[Instructions to follow] Could the listing be repeated exactly, with every picture dropped?

[Recorded data]
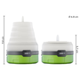 A robusztus műanyag házzal ellátott 3 az 1-ben összecsukható lámpa állólámpa, függőlámpa és zseblámpa egy praktikus termékben. Visszahúzható karabinerrel látták el a felakasztáshoz és fluoreszkáló gumival az éjszakai fény funkcióhoz.
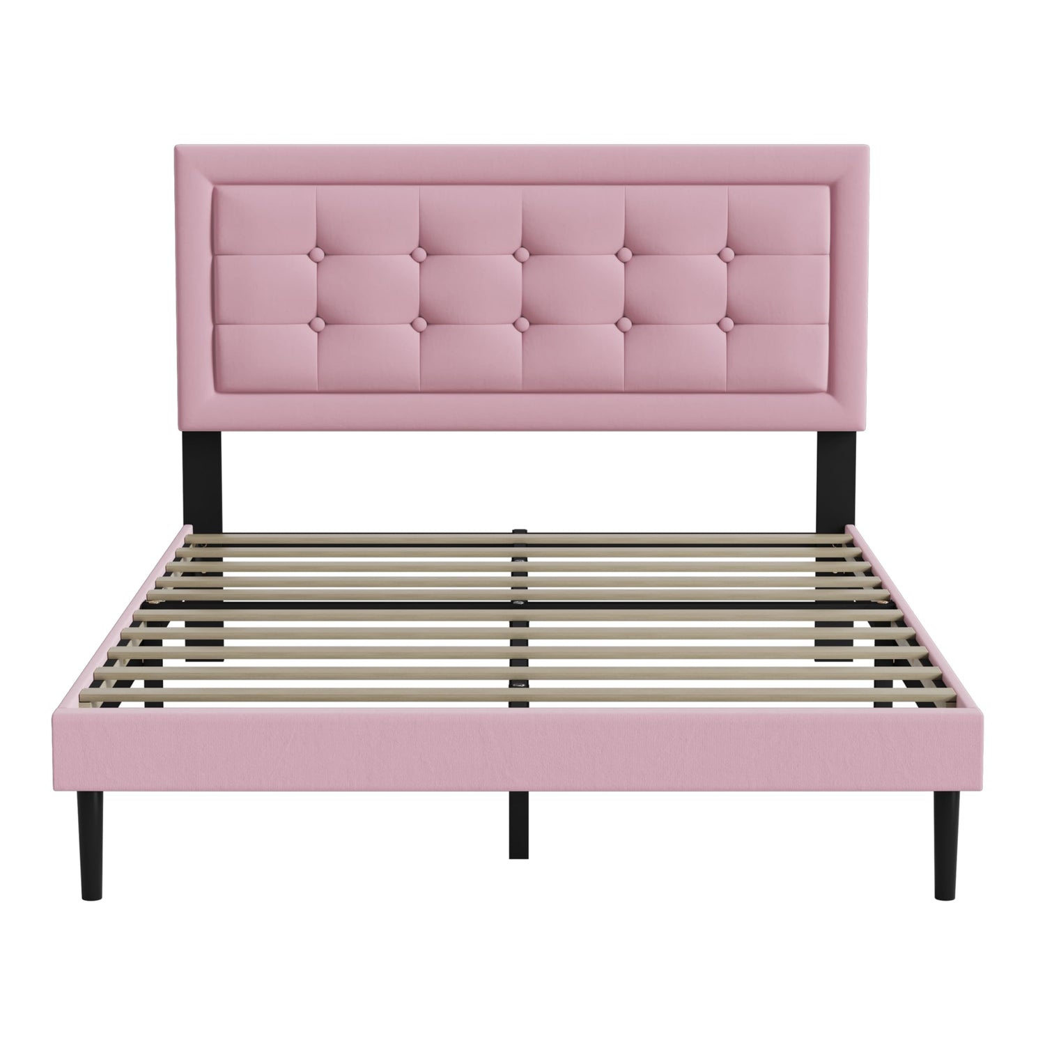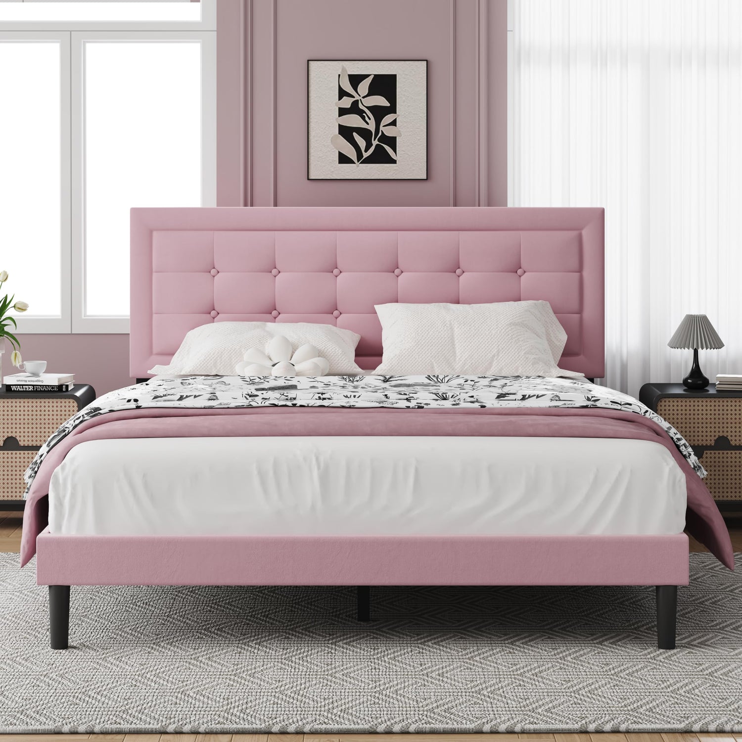 IOILORI Queen Size Upholstered Platform Bed, Queen Size Bed Frame with Tufted Button Headboard, Sturdy Frame Wooden Slats, No Spring Mattress Required, Noiseless, Easy to Assemble, Pink
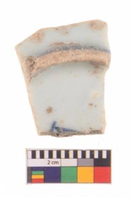 | Description / विवरण | A specimen of a glazed ware potsherd with traces of bluish painting over it. |

[Answer area]
 A robusztus műanyag házzal ellátott 3 az 1-ben összecsukható lámpa állólámpa, függőlámpa és zseblámpa egy praktikus termékben. Visszahúzható karabinerrel látták el a felakasztáshoz és fluoreszkáló gumival az éjszakai fény funkcióhoz.
 IOILORI Queen Size Upholstered Platform Bed, Queen Size Bed Frame with Tufted Button Headboard, Sturdy Frame Wooden Slats, No Spring Mattress Required, Noiseless, Easy to Assemble, Pink
 | Description / विवरण | A specimen of a glazed ware potsherd with traces of bluish painting over it. |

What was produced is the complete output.